In 1905, Albert Einstein rejected the idea of all-pervading ether relative to which bodies were at rest or in motion. To replace this idea, he formed the special theory of relativity. Einstein explained this concept in his famous scientific paper , “On the Electrodynamics of Moving Bodies” .
Einstein based the entire theory on two principles. These two principles explained the negative result of the Michelson-Morley experiment, since any observer will find that the speed of light has the same value c in all directions: therefore, there is no such thing as an “ether wind.”
SPECIAL THOERY OF RELATIVITY
Einstein’s Postulates
The difficulty that had to be resolved amounted to choosing amongst three alternatives:
1. The Galilean transformation was correct and something was wrong with Maxwell’s equations.
2. The Galilean transformation applied to Newtonian mechanics only.
3. The Galilean transformation, and the Newtonian principle of relativity based on this transformation were wrong and that there existed a new relativity principle valid for both mechanics and electromagnetism that was not based on the Galilean transformation.
The first possibility was thrown out as Maxwell’s equations proved to be totally successful in application. The second was unacceptable as it seemed something as fundamental as the transformation between inertial frames could not be restricted to but one set of natural phenomena i.e. it seemed preferable to believe that physics was a unified subject. The third was all that was left, so Einstein set about trying to uncover a new principle of relativity. His investigations led him to make two postulates:
- All physical laws are the same in every inertial frame of reference regardless of their velocities relative to each other. Inertial frames of reference are either at rest or moving at a constant speed in a straight line.
In other words, it means the laws of nature appear the same to all unaccelerated observers. - Speed of light is same for all observers regardless of their motion or the motion of light source.
Therefore, to all unaccelerated observers, the speed of light in free space appears to have the same value,i.e., c equal to 3 × 108 m s-1.
Einstein was inspired to make these through his study of the properties of Maxwell’s equations and not by the negative results of the Michelson-Morley experiment, of which he was apparently only vaguely aware. It is this postulate that forces us to reconsider what we understand by space and time.
NOTE: Einstein's theory is called the "special" theory of relativity because it applies the principle of relativity only to systems in uniform motion relative to each other.

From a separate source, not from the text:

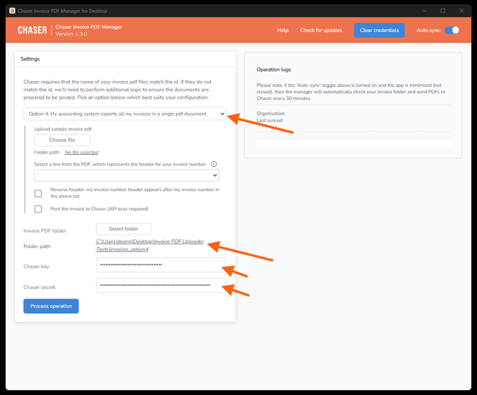 Select Option 4 in the dropdown on the invoice PDF manager desktop application. Click Select folder and select the folder where your invoice pdfs will be stored. Ensure you have inserted both your Chaser key and Chaser secret if you intend uploading the split pdfs to Chaser.
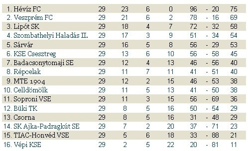 Veszprém, 300néző.Vezette: Szántai (Horváth Z., Mogyorósi)

EVIDENCE SUPPORTING SPECIAL RELATIVITY THEORY
When Albert Einstein first proposed the special theory of relativity, it was exactly that – a theory. There are now various pieces of experimental evidence that support Einstein’s original ideas.
Muon Decay
Muons are tiny particles that are sometimes created and exist briefly inside atoms. Muons decay into electrons and neutrinos and normally have a very short half-life of only 2 millionths of a second. However, in 1976, researchers at CERN (European Council for Nuclear Research) used a particle accelerator to create a beam of muons traveling at 99.94 percent of the speed of light. Traveling at this speed, their half-life was extended by some 30 times. The special theory predicts this result very accurately, so muon decay provides evidence that the special theory of relativity is correct.
Cosmic Rays
The special theory, which states that at very high speeds time slows down relative to an observer, can also explain why cosmic rays (subatomic particles from space) can survive long enough to reach the Earth. They are traveling at speeds near that of light, and so they last long enough to complete their amazingly long journeys.
Electrons in Cathode Ray Tubes
The special theory of relativity also states that mass increases at very high speeds. Another subatomic particle, the electron, travels at about 9 × 107 m s-1 (about 30 percent of the speed of light) when it is accelerated in a cathode ray tube, such as the one used in a television. At these speeds, electrons are found to increase in mass by a factor of about 900.
Flying Clocks
An experiment conducted in 1971 provided an impressive confirmation of the twin-paradox (one of the important consequences of the special theory) by flying some very accurate atomic clocks around the world on a jet airliner. Some of the clocks gained minute amounts of time, and some lost time, exactly as predicted by the special theory of relativity.
Nuclear Reactions
In the process known as radioactive decay, the nucleus of an atom disintegrates into smaller components and energy is released. It turns out that the mass of a nucleus is less than the sum of its components; the missing mass, or mass defect, is accounted for by the energy that is needed to hold the nucleus together, known as the binding energy. It turns out that the binding energy can be related to the mass defect using Einstein’s mass–energy equation, E = mc2. This is further support for the special theory.
APPLICATIONS of Special Relativity
The application of special relativity is important in Global Positioning System (GPS) - although this really requires the full theory of general relativity. The satellites orbiting earth have clocks that tick at a different speed then those on Earth because of their differing velocities. The technology needs to have clocks in perfect synch with those on Earth to allow it to nail down position to a precise degree. The slight difference between them would cause errors of several parts per billion.
This would be enough to make them useless for all modern purposes including aerial and submersible navigation and military operations.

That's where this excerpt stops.